In 1950, one of the other rogue soldiers he was with, Yuichi Akatsu, surrendered to Filipino forces. Onoda thought that this could pose even greater danger to him and he became even more cautious.
Another of the soldiers, Shōichi Shimada, was shot dead in 1954 by island police officers. Then Private First Class Kinshichi Kozuka, his final ally, was also shot by local police much later, in 1972. Each incident further cemented Onoda’s idea that the war continued.
For 29 years, Onoda stayed in the jungle, mostly living in underground caves. He spent his time gathering intelligence on enemy movements, as his job required him to do. For his final two years, he was alone.
Onoda showed characteristics rarely seen in the modern world, but those which make the very best soldiers; asceticism, undeviating will, obedience, loyalty, and sacrifice. However, the skills he learned in his early training ultimately proved critical to his survival.
“Every Japanese officer is prepared for death, but as an intelligence officer I was ordered to conduct guerrilla warfare and not to die,” he later explained.
Onoda was officially declared dead in 1959, but a Japanese student, Norio Suzuki, refused to believe it. In 1974 — almost 30 years after World War II had ended — he set out to locate the missing soldier. Incredibly, he managed to track Onoda down just four days after beginning his search.
The pair quickly became friends, but Onoda told Suzuki that he would only surrender after receiving official orders. Suzuki returned to Japan with photos to prove their encounter and to locate Onoda’s still surviving commanding officer, Major Yoshimi Taniguchi, for whom the war had long ended.
The following spring, Suzuki returned with Taniguchi, who officially relieved Onoda of his duties, after which a weeping Onoda surrendered. With him were a sword, a functioning Arisaka Type 99 rifle, 500 rounds of ammunition, several hand grenades, and the dagger that his mother had given him in 1944 to kill himself if he was captured.
“It may take three years, it may take five, but whatever happens we’ll come back for you,” Major Yoshimi Taniguchi had promised the young Hiroo Onoda at the beginning of his service. True to his word, Taniguchi returned for him, at long last.
When Onoda returned to Japan in 1974 at the age of 52, he was still wearing his old Imperial uniform. He was pardoned by then-President Marcos of the Philippines for the crimes committed while he still believed that he was at war.

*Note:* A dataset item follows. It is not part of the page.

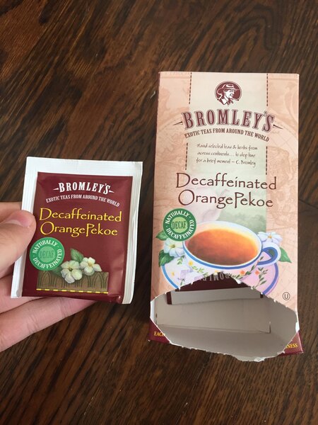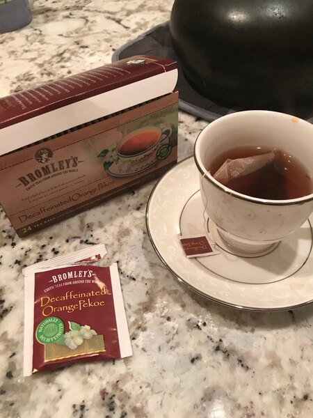 The Bromley exotic orange Pekoe decaffeinated tea is wonderful and delicious. I love the great orange citrus flavor and the tea is great for night time drinking.

His family, who had thought he was dead, saw him for the first time since he was a 22-year-old.
With Japan now an unrecognizable modern state, Onoda struggled to adapt. A year after his return, he moved to a Japanese colony in São Paulo for a more tranquil life. He even met a Japanese woman there, whom he married. Until his death in 2014, the couple lived between both countries.
When asked in 1974 what was going through his mind for those 29 years in the jungle, Onoda said simply, “nothing but accomplishing my duty.”